Les élus du 93 saisissent l’Onu, pour que la France paie leurs mineurs isolés

Publié le 28 novembre 2019 - par - 6 commentaires - 1 358 vues

Le conseil général de la Seine-St-Denis, et son président, Stéphane Troussel, se sont mis en tête de saisir l’Onu pour obliger l’État français à subvenir aux besoins des mineurs isolés étrangers dont il a la charge.

Selon les chiffres de ce conseil général, le département dépense pourtant déjà 41 287 € par an par mineur isolé étranger.

Cette somme est tout simplement scandaleuse quand on pense que la moitié des agriculteurs, qui eux nourrissent le pays, vivent avec moins de 1 000 € par mois, soit 12 000 € par an.

Que le tiers de nos étudiants, normalement destinés à être les cadres futurs du pays et de ses entreprises, sont en état de précarité avec une bourse mensuelle de 500 €, soit guère plus de 6 000 € par an.

Que des millions de travailleurs en gilet jaune, qui ont leurs enfants non abandonnés, doivent vivre avec moins de 25 000 € par an, les nourrir, les habiller, leur payer la cantine de l’école, et n’ont pas les moyens de leur louer une piaule en ville quand ils vont à l’université.

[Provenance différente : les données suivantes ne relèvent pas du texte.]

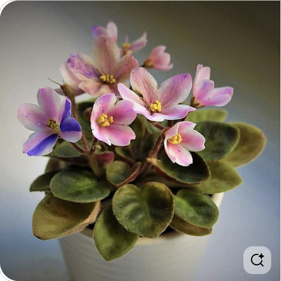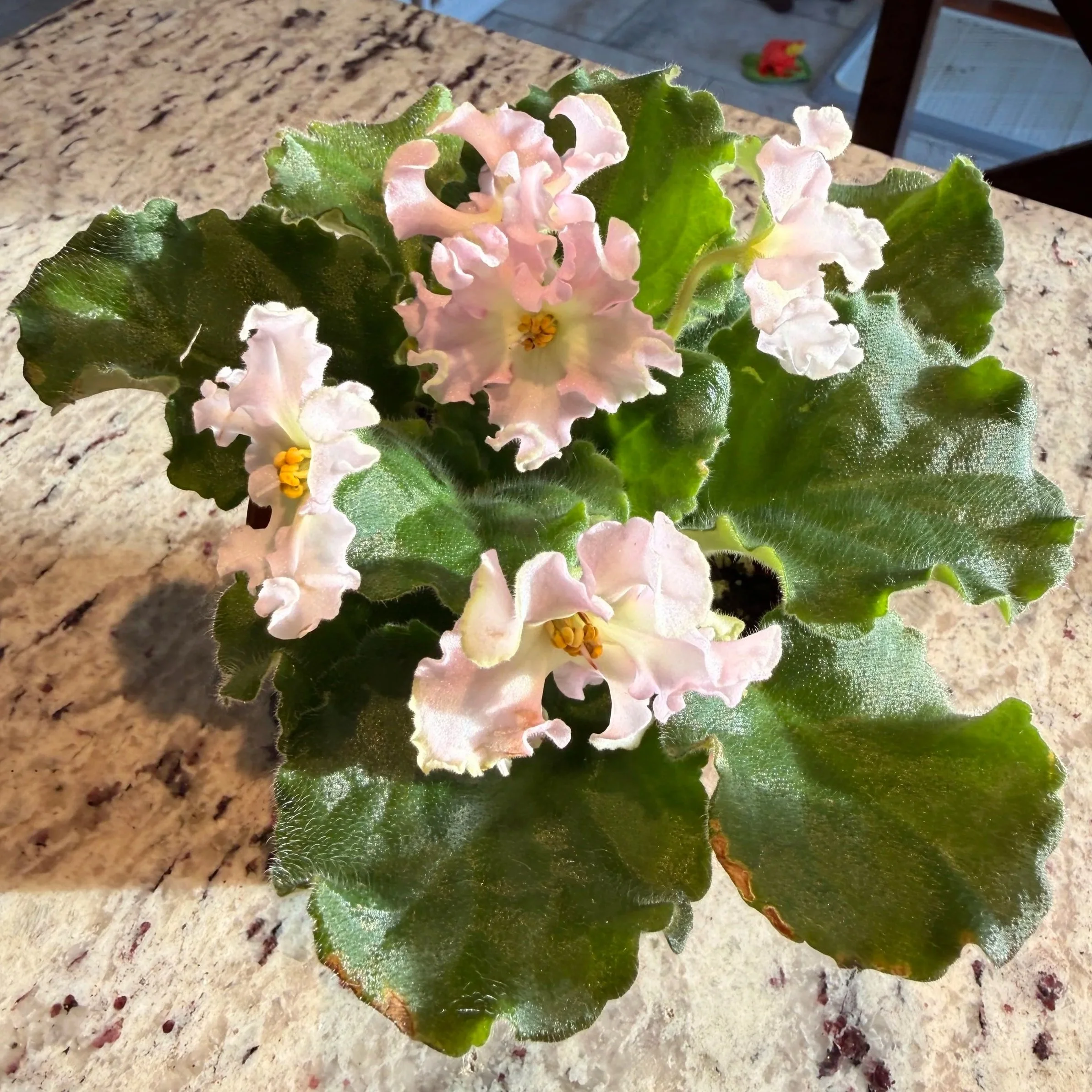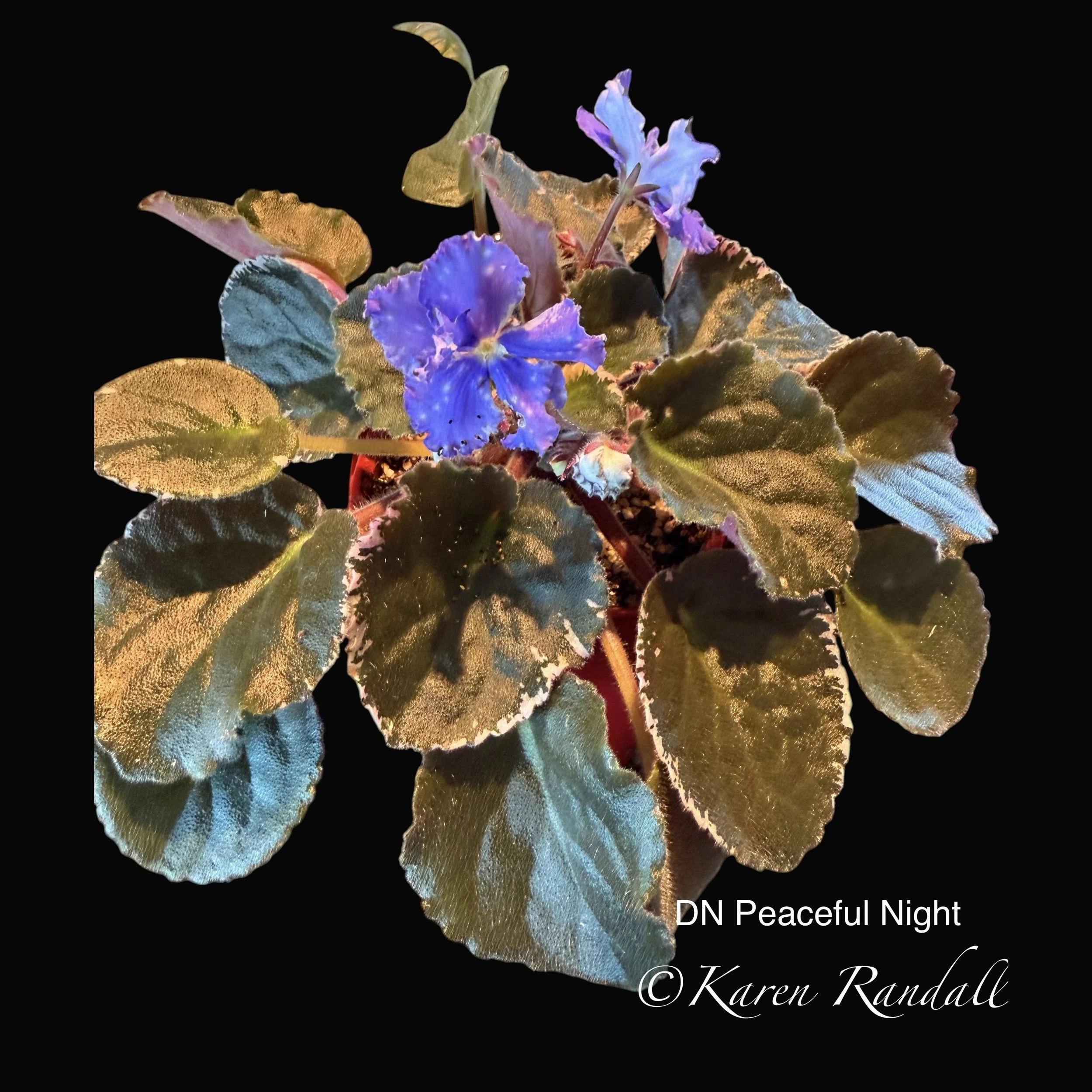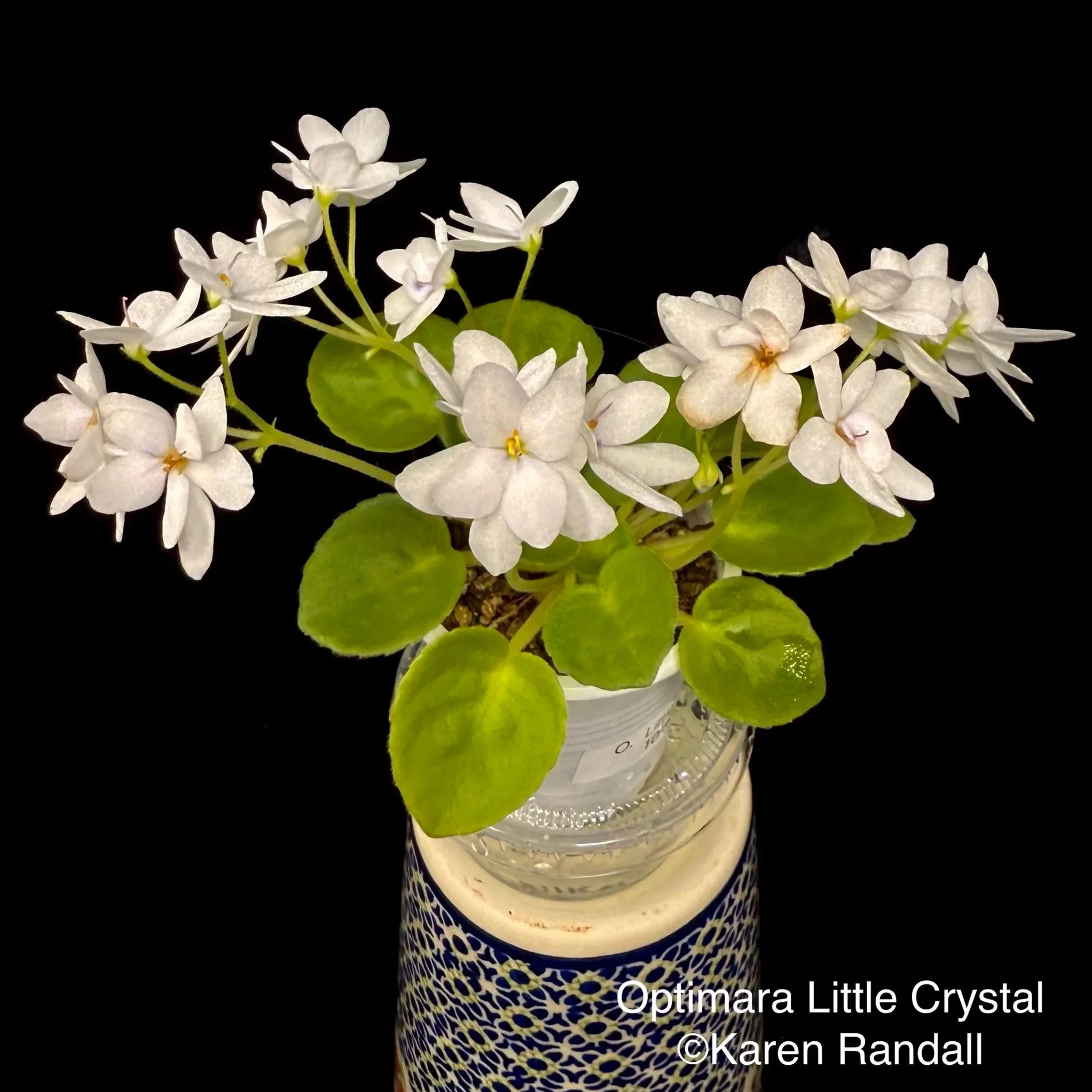 The description on the Dew Violet website when I bought it was: “Single white star with light blue thumbprints splashed with pink puff fantasy markings. Foliage - Medium green. Miniature.”
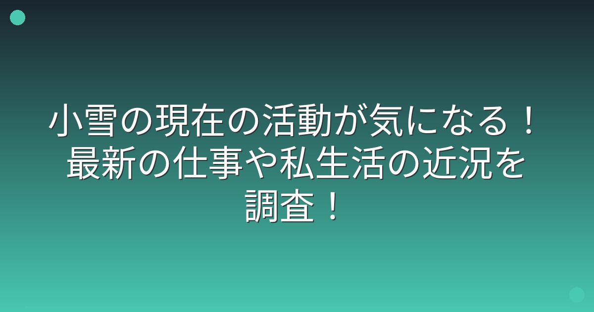 今回は、小雪さんの現在の活動や私生活の近況についてお伝えしてきました。

Ce qui est dit pour le conseil général de Seine-St-Denis vaut pour tous les départements de France qui sont en train de littéralement saigner le pays de ses ressources.

Quand la classe politique d’une nation préfère dépenser la richesse de ses habitants dans la voyoucratie et les ennemis de son pays  au lieu de l’investir dans des dépenses utiles comme l’agriculture, ou d’avenir comme la formation de ses futurs cadres, on est obligé de conclure que l’on est à l’orée de la chute de Rome.

Ces mineurs isolés étrangers sont tous les jours à la une des faits divers de journaux des régions, pour viols, vols, agressions avec violence, pillages.

Ils ne sont jamais sanctionnés, ni renvoyés dans leur pays, ni incarcérés.

Ils jouissent d’une impunité totale, sont protégés des juges et emmerdent tous les jours les citoyens qui voudraient aller au travail, en courses ou dans des lieux d’études.

Ces mineurs isolés étrangers ont la haine de la France et de ses habitants blancs qui travaillent et qui étudient.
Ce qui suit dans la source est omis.